Maathai wants debts cancelled
Author: Mike Mwaniki & Nyabonyi Kazungu
Date: January 23, 2007
Type of article: News
Source: The Daily Nation - only available online by registration and paid subscription fee
Nobel laureate Wangari Maathai yesterday renewed her call for Western countries to write-off debts totalling billions of shillings owed by Kenya and other poor nations.
Prof Maathai urged church leaders to spearhead the cancellation of the debts by G-8 countries.
“As the church, we have a moral duty to stand up and raise our voices to the G-8 countries by reminding the leaders of those rich nations that the debts are illegitimate,” she said.

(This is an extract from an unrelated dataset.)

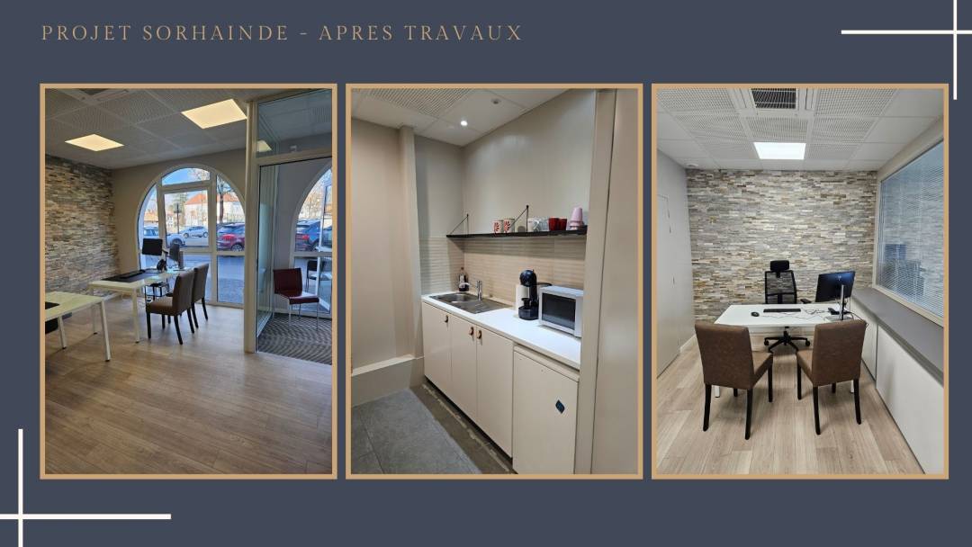 🏢 Projet Sorhainde : Rénovation d’une agence d’assurance par AC Décoration ✨ Pour ce projet, l’objectif principal était de transformer une agence d’assurance en un lieu à la fois agréable, chaleureux et authentique, répondant aux attentes du propriétaire. Ce dernier souhaitait offrir à ses clients et collaborateurs un environnement accueillant et fonctionnel. 🎯 Les attentes du client : Le propriétaire a opté pour notre Pack Rénov, un accompagnement clé en main pour : Gérer le projet de A à Z en lui épargnant le stress des travaux. Mettre à profit notre expertise en décoration pour choisir des éléments à la fois esthétiques et pratiques. Superviser les achats et assurer une gestion optimale des ressources. Suivre l’évolution du projet avec des échanges réguliers et des photos détaillées. 🏗️ Les réalisations : Rénovation complète des espaces : Chaque zone de l’agence a été repensée pour allier design et fonctionnalité. Ambiance chaleureuse et authentique : Utilisation de matériaux nobles comme le bois, associés à des teintes douces et naturelles pour créer un cadre professionnel et accueillant. Optimisation de l’agencement : Une réflexion approfondie a permis de maximiser l’espace et d’améliorer la circulation dans les lieux, pour un meilleur confort des clients et collaborateurs. Décoration sur mesure : Sélection d’éléments décoratifs alliant modernité et tradition pour refléter les valeurs de l’agence. ✨ Résultat : Une agence transformée en un véritable cocon professionnel, où il fait bon travailler et recevoir. Le propriétaire peut désormais accueillir ses clients dans un cadre à son image : élégant, accueillant et authentique.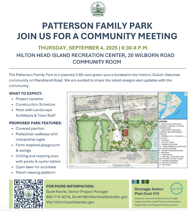 September 2, 2025The Town of Hilton Head Island invites residents and stakeholders to a community meeting to see the latest plans and features for the future Patterson Family Park. The meeting will take place as follows:

Prof Maathai stated: “The debt crisis remains one of the key obstacles to fighting poverty in the African continent, as well as in Asia and Latin America.”
According to experts, Kenya has repaid more than Sh3.5 trillion for the Sh1.1 trillion originally borrowed from external creditors.
During the 2005/2006 Budget, for example, the Finance ministry proposed that Sh112 billion be spent on servicing the debt.
Prof Maathai said: “If the illegitimate debt is to be cancelled, churches, civil society organisations and parliamentarians will need to put increased pressure on leaders in the North and in the South to do so.”
But Bishop Martin Kivuva of the Catholic Church said that people should not call for debt cancellation in a country where there was no justice.
“As we lobby donor countries to cancel Kenya’s debt, government officials should be transparent on how they spend public money,” the Machakos bishop told the ecumenical forum.
“The Western participants at the WSF were trying to push their governments to have policies friendly to the poor people of Africa to remove conditionalities which hurt poor workers,” he said.
Social development Elsewhere, Culture and Sports minister Maina Kamanda said Unesco in collaboration with ministers of social development was exploring the possibility of establishing a forum to serve as a platform for dialogue and exchange of ideas among implementers of social development policy at regional and international levels.
He was speaking during the opening session of inter-regional social development stakeholders meeting at the Windsor Golf and Country Hotel.